Platform Engineering: Building Golden Paths and Developer Self-Service Templates

Platform Engineering with Golden Paths

Platform Engineering golden paths represent the evolution of DevOps into a product-oriented discipline focused on developer self-service. Instead of requiring every team to configure their own CI/CD pipelines, infrastructure, monitoring, and security controls, platform teams build standardized “golden paths” — opinionated, pre-configured templates that embody organizational best practices and enable developers to ship features faster.

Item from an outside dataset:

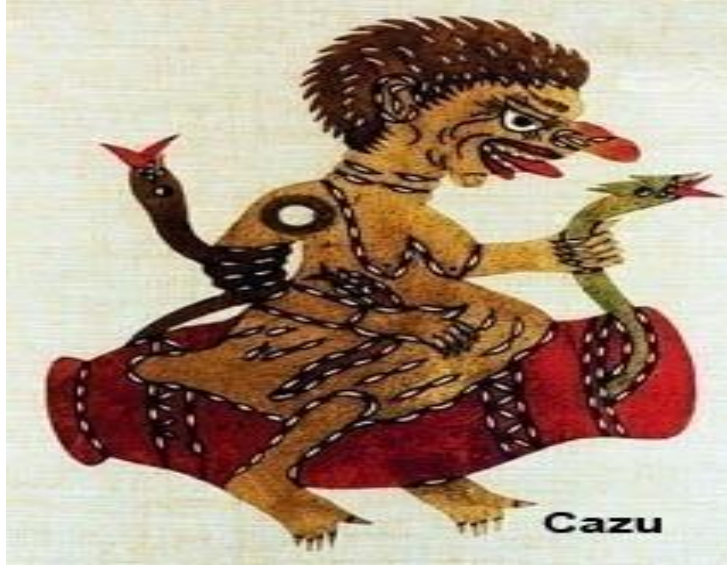
Resim 1.12. : Cazu

This guide covers building an Internal Developer Platform (IDP) with golden path templates using Backstage, Crossplane, and ArgoCD. Moreover, you will learn how to balance standardization with flexibility, measure platform adoption, and evolve your golden paths based on developer feedback.

What Makes a Golden Path

A golden path is not a mandate — it is the path of least resistance that also happens to be the path of best practice. When creating a new microservice is as simple as filling out a form and clicking “Create,” developers naturally choose the platform’s golden path over hand-rolling their own infrastructure. Furthermore, golden paths encode security controls, observability standards, and compliance requirements so developers get them automatically.

The key components of a golden path include service templates (scaffolding), infrastructure templates (cloud resources), CI/CD pipeline templates, observability templates (dashboards, alerts), and documentation templates. Each template should be opinionated but customizable — covering 80% of use cases out of the box while allowing escape hatches for the remaining 20%.

Platform engineering and developer tools
Golden paths guide developers toward best practices by default

Platform Engineering: Backstage Service Catalog

Spotify’s Backstage serves as the frontend for most IDPs, providing a service catalog, software templates, and a plugin ecosystem. Therefore, it becomes the single pane of glass where developers discover services, create new ones, and access documentation.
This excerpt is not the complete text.